Recently, I was asked to coach a leader in a big organization. I was told that he “is the problem child” and needs to be fixed. This is not a unique situation.
Whether he is or isn’t a problem is not the issue. The problem is that by saying he is, he is. Even if he’s not.
Here’s the thing. Actually, here’s 2 things:
- When you put a label on a member of your team, you have created a bias in your brain and in the brain of anyone you have told. They look at Brian and know he’s a problem so their brains do what our brains do. They map to what we already know. We already know Brian is a problem. So everything Brian does validates that belief. We see it so clearly. The label is, of course, accurate. Duh.
- We take our attention off our own impact. Since Brian is the problem (he’s a challenger, a contrarian, difficult, fill in your own blank), when I remove Brian from the team ….
I’m not a psychologist, but this is a real thing in psychology.
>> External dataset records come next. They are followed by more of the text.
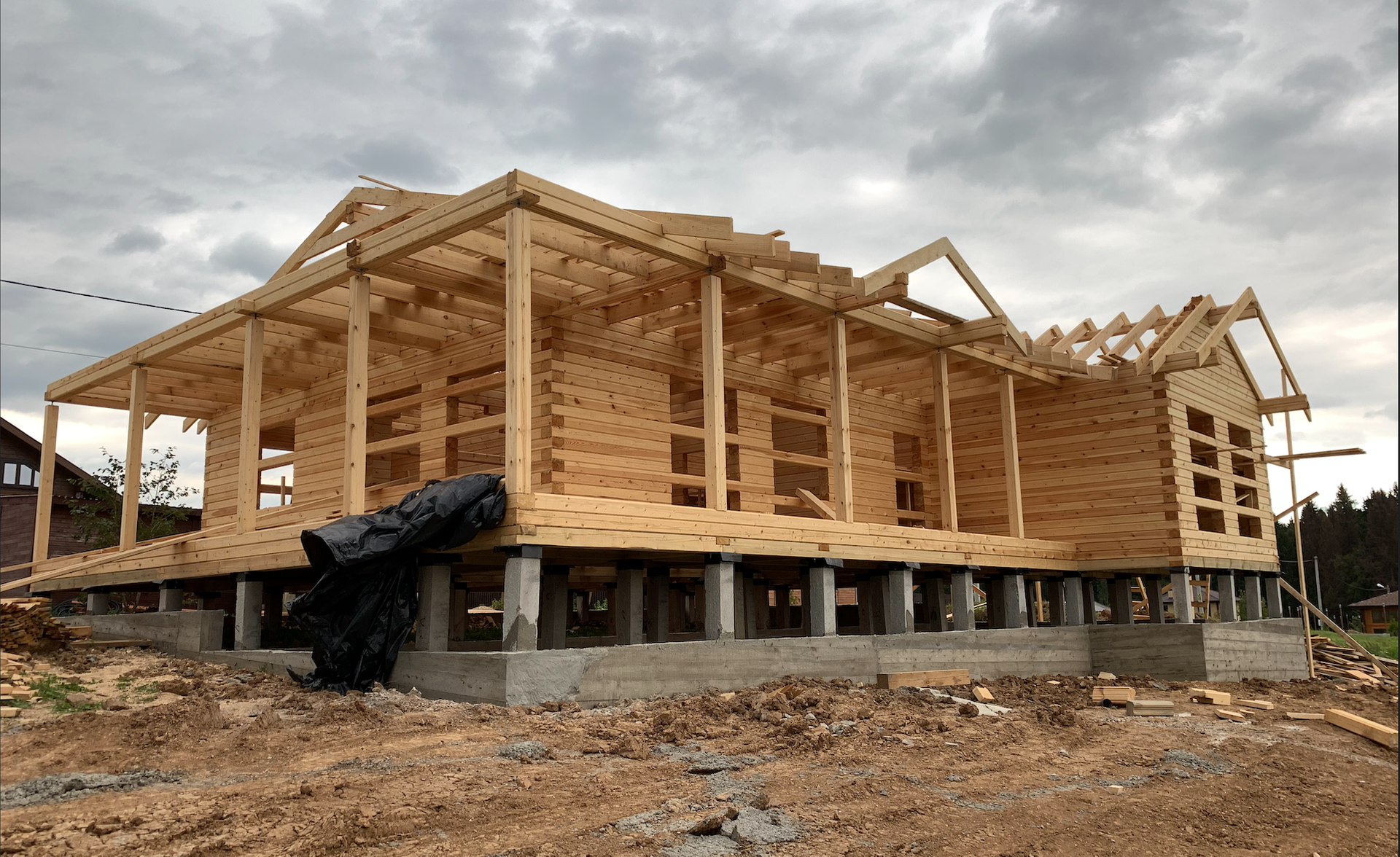 Поселок с охраной, два озера, водохранилище, залив. Септик, газ, электричество. Получено разрешение на строительство и реконструкцию, присвоен адрес. Строительство остановлено на этапе черновых полов и внутренних коммуникаций.
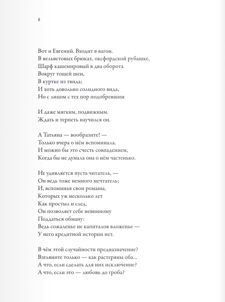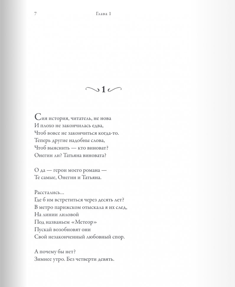 Упоительная любовная история сегодняшних Евгения и Татьяны - современная и вечная, роман в стихах француженки Клементины Бове, звучащий как речитатив, тронул бы и Пушкина с Чайковским, чьи произведения и герои вдохновляли автора.
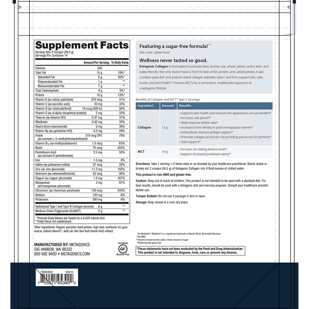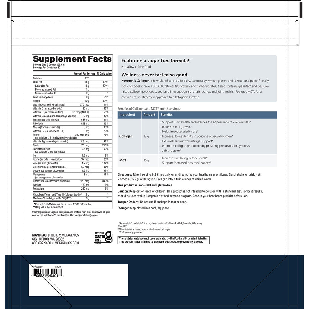 Take 1 serving 1-2 times daily or as directed by your healthcare practitioner. Blend, shake or briskly stir 2 scoops (36.5 g) of Ketogenic Collagen into 8 fluid ounces of chilled water.

It’s called Scapegoat Theory, and it refers to the tendency to blame someone else for one’s own problems, a process that often results in feelings of prejudice toward the person or group that one is blaming. Scapegoating serves as an opportunity to explain failure or misdeeds, while maintaining one’s positive self-image (definition comes from asking Google )
I’m betting you see this in your organization. I see it frequently on teams I work with. And maybe it’s true. Maybe Brian is a problem.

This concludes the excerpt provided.